РУСЬ
***
Да святится имя твоё, Русь родная-невеста,
разрываются бомбами в сердце моём голоса.
Я с тобой в лёгкий час, в трудный час я вдвойне с тобой вместе
и втройне, если чёрная самая вдруг полоса!
Эй, кто там к нам с мечом, с джавелинами из девяностых?
Хорошо бы по мирному с мёдом и чаем в устах.
Но Кутузов глядит из столетий, глядит одноглазый апостол:
- Продвигайся, иди. Ибо русским не свойственен страх.

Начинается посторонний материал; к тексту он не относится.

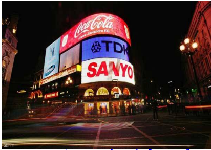
اللوحه الإعلانية الأشهر في لندن تنطفئ بينه ومنوعات - صفحات منوعة

أطفئت أنوار اللوحه الإعلانية الضخمة في ميدان بيكاديلي الشهير وسط لندن، وذلك للمرة الأولى منذ الحرب العالمية الثانية، تمهيدا لاستبدالها بلوحه أكثر تطورا.

Да святится пусть имя твоё, сторона ты родная-невеста.
И глядит славный воин, подбадривая, славный князь,
и заносит копьё Александр-свет наш батюшка-Невский,
помолясь на иконы. Неистово так помолясь!
Говорят демократы и запад, что волчия стая:
«Будь ты проклята, рашка…» и злобно плюются вослед.
Но из прошлых времён восстаёт металлический Сталин:
он-то знает, что значит горячее имя побед!
И на толстых ногах, что колосс-чудо света Родосский,
и на гневных плечах, что атлант навалился крестцом,
в самый горький твой час я с тобой, как трава и берёзки,
всё равно за тебя! Как за прадедов, дедов, отцов!
Ну, чего там со мной, я – лишь женщина! Что я умею?
сыновей нарожать, сыновей обрядить в дальний путь…
И вослед окрестить! А затем дома выть всё сильнее,
а к утру разрыдаться, да так – под инфаркт, под инсульт.
Ой, вы дети мои, ой, вы самые умные дети,
вы простите идейную
матерь меня, себя, всем…
Да святится пусть имя её! И светлей нет на свете
ничего, кроме родины
в травах, в багряной росе…
ВАРЕНЬЕ
Отправляю варенье на фронт я солдатам
по заветному адресу, как научили.
И лекарства ещё. И пакетики с мятой.
Или мы победим или нас, или, или,
у меня удивляется сын, что там – русские.
Отчего, почему раскроили сознание?
Вересковый я мёд кладу. И томик Брюсова:
в нём какая-то музыка – детская, мамина!
Чем помочь я могу ещё? Руки воздела я
к небесам!
О, мои руки белые-белые!
Чем помочь я могу ещё? Помощь наивная…
Они – в поле, солдаты.
Под минами.
Мы хотим небо мирное. Синее. Птичье.
И какую молитву, присушку, закличье
мне для этого нужно прочесть, переплакать?
Перелайкать?
Банально, но кроме «отвага»
ничего не приходит на ум. Выше. Чище.
Я деревья сама эти, право, сажала.
Эх, поэт, не пиши ты о смерти. Нет смерти!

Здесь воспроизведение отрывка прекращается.